Use single-character delimiters in KEYVALUE
The KEYVALUE(content, keyValueSplit, keySplit, keyName) function performs about 30% faster when keyValueSplit and keySplit are single characters such as : or ,. With single-character delimiters, the engine searches for the target key directly in binary data without parsing the entire input.
LIKE operator patterns
| Pattern | Matches | Example |
|---|---|---|
LIKE 'xxx%' | Starts with xxx | LIKE 'order%' |
LIKE '%xxx' | Ends with xxx | LIKE '%_id' |
LIKE '%xxx%' | Contains xxx | LIKE '%error%' |
LIKE 'xxx' | Exact match (equivalent to = 'xxx') | LIKE 'active' |
Escape underscores: The underscore (_) is a single-character wildcard in SQL. To match a literal underscore, use an escape character:
LIKE '%seller/_id%' ESCAPE '/'Without escaping, LIKE '%seller_id%' also matches seller#id, sellerxid, seller1id, and other unintended strings.
Avoid regular expressions
Regular expressions can be 100x slower than arithmetic operations and may enter infinite loops in edge cases, blocking deployments. Use LIKE instead when possible.

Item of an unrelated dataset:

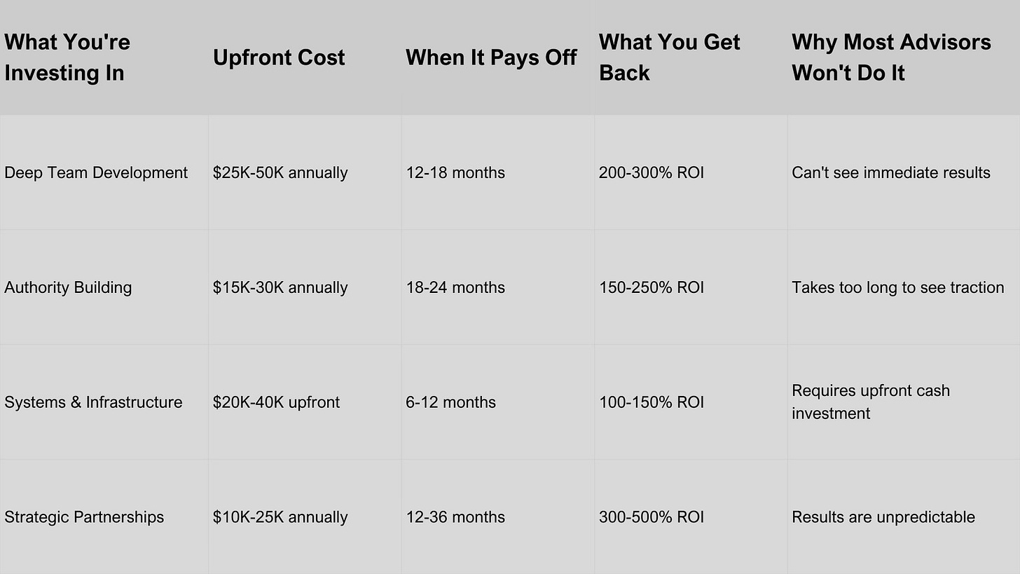 "The difference between advisors who plateau at $500K and those who scale beyond $2M isn't talent or market conditions—it's their willingness to invest in outcomes that won't materialize for 18-36 months."

For cases that require regular expressions, see REGEXP and REGEXP_REPLACE.
SQL hints
SQL hints let you influence the optimizer's execution plan, attach metadata or statistics, and configure Dynamic Table Options on a per-table basis. For more information about SQL hints, see SQL hints.
Syntax
The syntax follows Apache Calcite SQL:
SELECT /*+ hint [, hint ] */ ...
-- Where:
-- hint: hintName(hintOption [, hintOption]*)
-- hintOption: simpleIdentifier | numericLiteral | stringLiteralJoin hints
Query hints are a type of SQL hints that modify the execution plan within the current query block. Flink query hints currently support only join hints for both dimension table joins and regular joins.